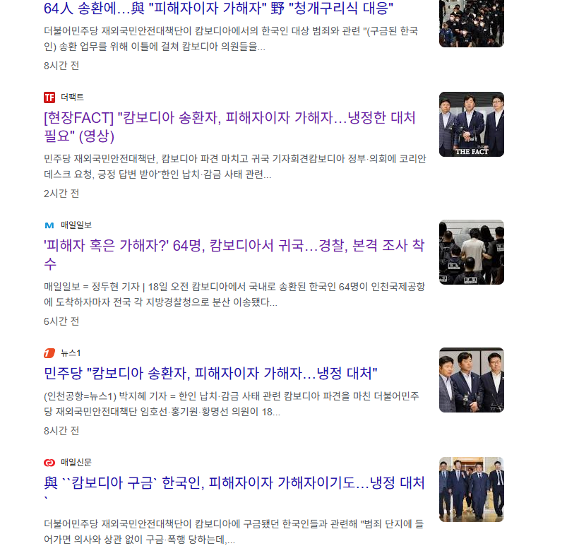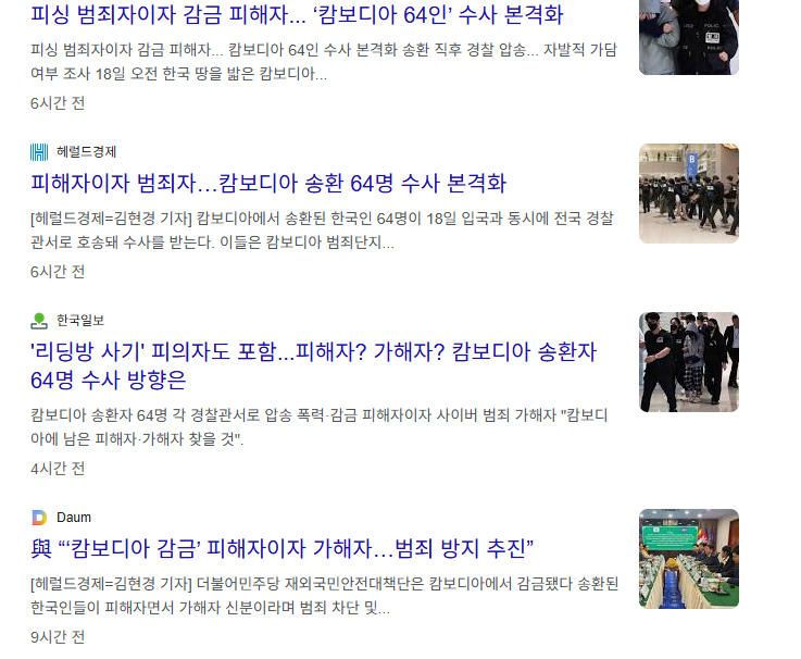 '감금 피해자이자 피싱 범죄자'…캄보디아 송환자들 수사 본격화 세븐킹덤 0 2 0 0 10.18 23:00 주소복사 복사되었습니다! 일단.. 지금 이런 기사들이 많이 올라오고있다.. 분명히 알아둬야할건 전자금융거래법 제 6조 2의 근거하여 그들모두.. 법적으로는.. 범죄자가 맞다는걸잊지말자.. 어렵다고.. 사회 초년생이라고.. 가정형편이 어쩌고.. 그들이 피해를 당한건 안타깝지만 불법 통장 대여 + 보이스피싱 업무 = 이중 범죄지.. 무슨 피해자야 이걸 어떻게 구분해서 판결 내리냐는.. 문제가 있지만.. 무조건 100프로 피해자는 아닌것은 맞음 0 0
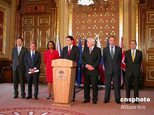 當(dāng)?shù)貢r(shí)間2日下午,伊朗核問(wèn)題六國(guó)外長(zhǎng)會(huì)議在倫敦舉行,就伊核問(wèn)題復(fù)談方案達(dá)成一致,決定盡快向伊朗送交。中國(guó)外交部部長(zhǎng)助理何亞非作為楊潔篪外長(zhǎng)代表出席會(huì)議。圖從左至右分別為:何亞非、法國(guó)外長(zhǎng)庫(kù)什內(nèi)、美國(guó)國(guó)務(wù)卿賴(lài)斯、英國(guó)外交大臣米利班德、德國(guó)外長(zhǎng)施泰因邁爾、俄羅斯外長(zhǎng)拉夫羅夫、歐盟共同外交與安全政策高級(jí)代表索拉納。中新社發(fā) 攝
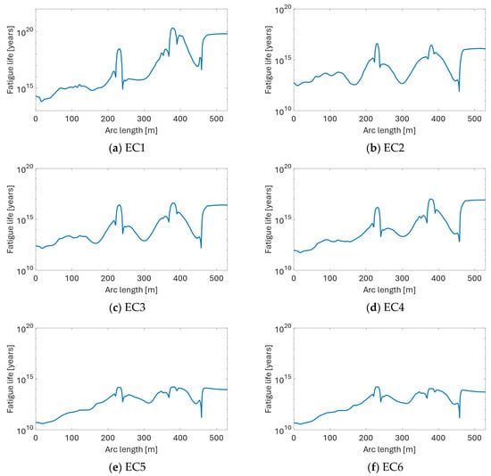 The Rainflow counting method is applied to determine the stress cycles, and the Miner–Palmgren rule is used to calculate the accumulated damage. Figure 28 presents the calculated fatigue life along the cable length. The overall fatigue life is very high due to the relatively small amplitude of cable motions and curvature fluctuations, as presented in the dynamic response analysis part. Another reason is that frictional stress is ignored in the present OrcaFlex stress model. A more advanced algorithm would be required to consider this effect. Nevertheless, there is an observable trend of decreasing fatigue life with increasing wind speed, wave height, and current speed (e.g., from EC1 through EC6).
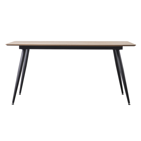 Aptly Rectangular Wooden Dining Table In Natural Oak, This stunning dining table offers a sleek contemporary look, combining an oak veneer top with elegant black metal legs, whilst chrome feet add the finishing design detail. It is part of our Packed-Flat Design Project which offers easy delivery to any room in any property and reduces the packaging needed. Assembly is required, but all the tools needed are supplied. FEATURES : Material : MDF, Oak Veneer, Iron Finish : Natural Aptly Rectangular Wooden Dining Table In Natural Oak This stunning dining table offers a sleek contemporary look Combining an oak veneer top with elegant black metal legs Whilst chrome feet add the finishing design detail It is part of our Packed-Flat Design Project which offers easy delivery to any room in any property and reduces the packaging needed Assembly is required, but all the tools needed are supplied Available at an affordable price Images shown are for illustration purpose only DIMENSIONS : Height : 750mm Width : 1600mm Depth : 900mm
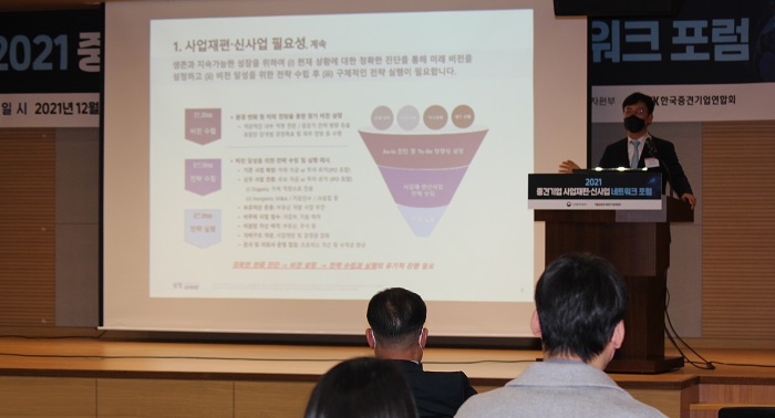 한국중견기업연합회가 12월 21일 상장회사회관에서 '2021년 중견기업 사업재편·신사업 네트워크 포럼'을 개최했습니다.
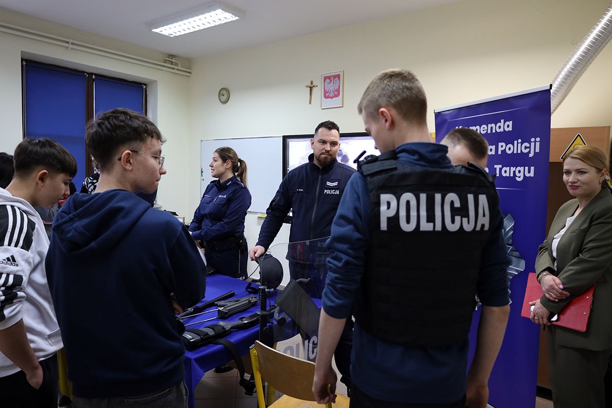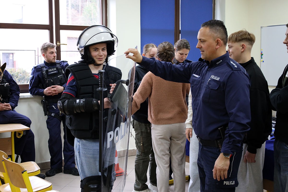 Młodzież miała okazję zapoznać się ze specyfiką pracy mundurowej, obejrzeć specjalistyczny sprzęt, porozmawiać indywidualnie na temat wymogów rekrutacyjnych jakie trzeba przejść, by trafić w szeregi służb.
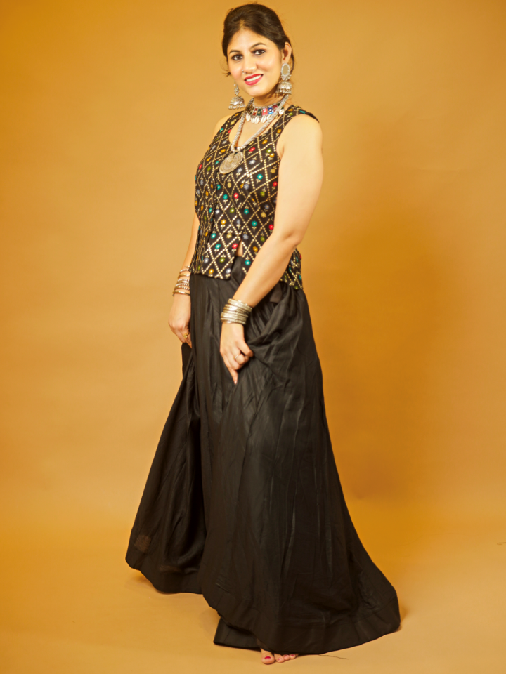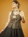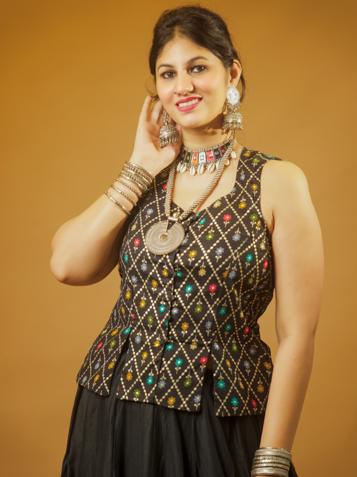 Crafted in pure cotton with festive floral prints, this sleeveless waistcoat features a unique flower-cut hemline that adds a playful twist. Perfect for layering over skirts, sarees, or even denims to create a bold yet graceful festive look.
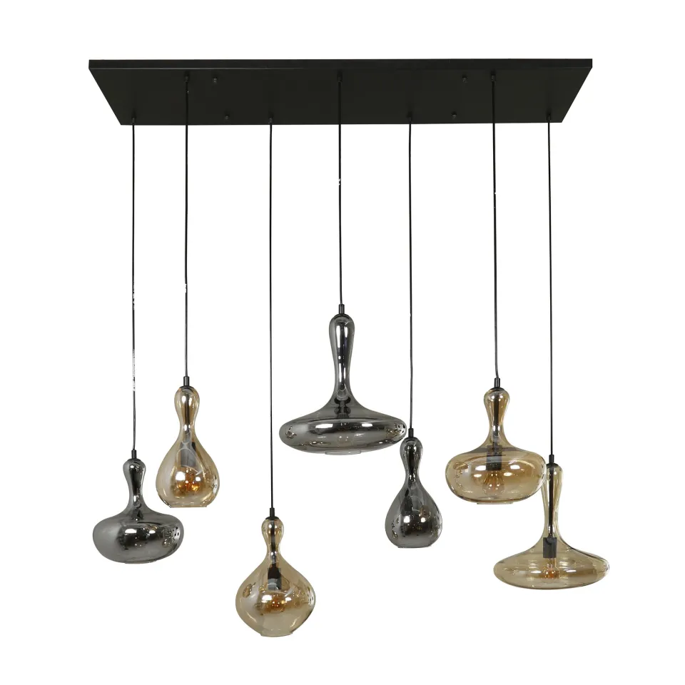 Deze prachtige hanglamp Parel is uitgevoerd met 7 glazen kappen. De kappen zijn uitgevoerd in 2 verschillende kleuren. Het armatuur is afgewerkt met een artic black finish. De kappen zijn afzonderlijk van elkaar tot 150 cm in hoogte verstelbaar.
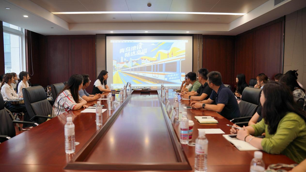 在青岛地铁集团的座谈会上,地铁公共关系部陈阳、传媒公司总经理及核心业务骨干全程参与。公司师生展示了前期创作的地铁主题海报设计作品,其创意与专业水准得到了青岛地铁传媒公司领导及专家团队的高度赞赏。双方围绕“校企协同育人”、“地铁公共空间艺术设计创新”、“融媒体时代品牌传播策略” 等议题展开了热烈而富有建设性的讨论。双方就建立长期战略合作关系和共建合作达成意向。
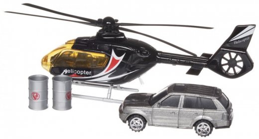 Состав набора: вертолет, машина, 2 бочки.
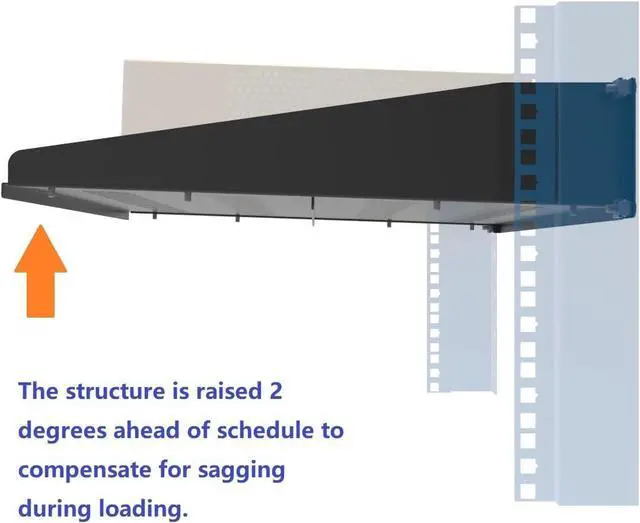 Good Loading Capacity Design: 2U rack mount shelf is tilted upwards by 2 degrees to compensate for load capacity.

◇ ◇ ◇ ◇

▶ Task item
Print each line of the listing exactly and include no pictures.

▶ Solution for this task
 '감금 피해자이자 피싱 범죄자'…캄보디아 송환자들 수사 본격화 세븐킹덤 0 2 0 0 10.18 23:00 주소복사 복사되었습니다! 일단.. 지금 이런 기사들이 많이 올라오고있다.. 분명히 알아둬야할건 전자금융거래법 제 6조 2의 근거하여 그들모두.. 법적으로는.. 범죄자가 맞다는걸잊지말자.. 어렵다고.. 사회 초년생이라고.. 가정형편이 어쩌고.. 그들이 피해를 당한건 안타깝지만 불법 통장 대여 + 보이스피싱 업무 = 이중 범죄지.. 무슨 피해자야 이걸 어떻게 구분해서 판결 내리냐는.. 문제가 있지만.. 무조건 100프로 피해자는 아닌것은 맞음 0 0
 當(dāng)?shù)貢r(shí)間2日下午,伊朗核問(wèn)題六國(guó)外長(zhǎng)會(huì)議在倫敦舉行,就伊核問(wèn)題復(fù)談方案達(dá)成一致,決定盡快向伊朗送交。中國(guó)外交部部長(zhǎng)助理何亞非作為楊潔篪外長(zhǎng)代表出席會(huì)議。圖從左至右分別為:何亞非、法國(guó)外長(zhǎng)庫(kù)什內(nèi)、美國(guó)國(guó)務(wù)卿賴(lài)斯、英國(guó)外交大臣米利班德、德國(guó)外長(zhǎng)施泰因邁爾、俄羅斯外長(zhǎng)拉夫羅夫、歐盟共同外交與安全政策高級(jí)代表索拉納。中新社發(fā) 攝
 The Rainflow counting method is applied to determine the stress cycles, and the Miner–Palmgren rule is used to calculate the accumulated damage. Figure 28 presents the calculated fatigue life along the cable length. The overall fatigue life is very high due to the relatively small amplitude of cable motions and curvature fluctuations, as presented in the dynamic response analysis part. Another reason is that frictional stress is ignored in the present OrcaFlex stress model. A more advanced algorithm would be required to consider this effect. Nevertheless, there is an observable trend of decreasing fatigue life with increasing wind speed, wave height, and current speed (e.g., from EC1 through EC6).
 Aptly Rectangular Wooden Dining Table In Natural Oak, This stunning dining table offers a sleek contemporary look, combining an oak veneer top with elegant black metal legs, whilst chrome feet add the finishing design detail. It is part of our Packed-Flat Design Project which offers easy delivery to any room in any property and reduces the packaging needed. Assembly is required, but all the tools needed are supplied. FEATURES : Material : MDF, Oak Veneer, Iron Finish : Natural Aptly Rectangular Wooden Dining Table In Natural Oak This stunning dining table offers a sleek contemporary look Combining an oak veneer top with elegant black metal legs Whilst chrome feet add the finishing design detail It is part of our Packed-Flat Design Project which offers easy delivery to any room in any property and reduces the packaging needed Assembly is required, but all the tools needed are supplied Available at an affordable price Images shown are for illustration purpose only DIMENSIONS : Height : 750mm Width : 1600mm Depth : 900mm
 한국중견기업연합회가 12월 21일 상장회사회관에서 '2021년 중견기업 사업재편·신사업 네트워크 포럼'을 개최했습니다.
 Młodzież miała okazję zapoznać się ze specyfiką pracy mundurowej, obejrzeć specjalistyczny sprzęt, porozmawiać indywidualnie na temat wymogów rekrutacyjnych jakie trzeba przejść, by trafić w szeregi służb.
 Crafted in pure cotton with festive floral prints, this sleeveless waistcoat features a unique flower-cut hemline that adds a playful twist. Perfect for layering over skirts, sarees, or even denims to create a bold yet graceful festive look.
 Deze prachtige hanglamp Parel is uitgevoerd met 7 glazen kappen. De kappen zijn uitgevoerd in 2 verschillende kleuren. Het armatuur is afgewerkt met een artic black finish. De kappen zijn afzonderlijk van elkaar tot 150 cm in hoogte verstelbaar.
 在青岛地铁集团的座谈会上,地铁公共关系部陈阳、传媒公司总经理及核心业务骨干全程参与。公司师生展示了前期创作的地铁主题海报设计作品,其创意与专业水准得到了青岛地铁传媒公司领导及专家团队的高度赞赏。双方围绕“校企协同育人”、“地铁公共空间艺术设计创新”、“融媒体时代品牌传播策略” 等议题展开了热烈而富有建设性的讨论。双方就建立长期战略合作关系和共建合作达成意向。
 Состав набора: вертолет, машина, 2 бочки.
 Good Loading Capacity Design: 2U rack mount shelf is tilted upwards by 2 degrees to compensate for load capacity.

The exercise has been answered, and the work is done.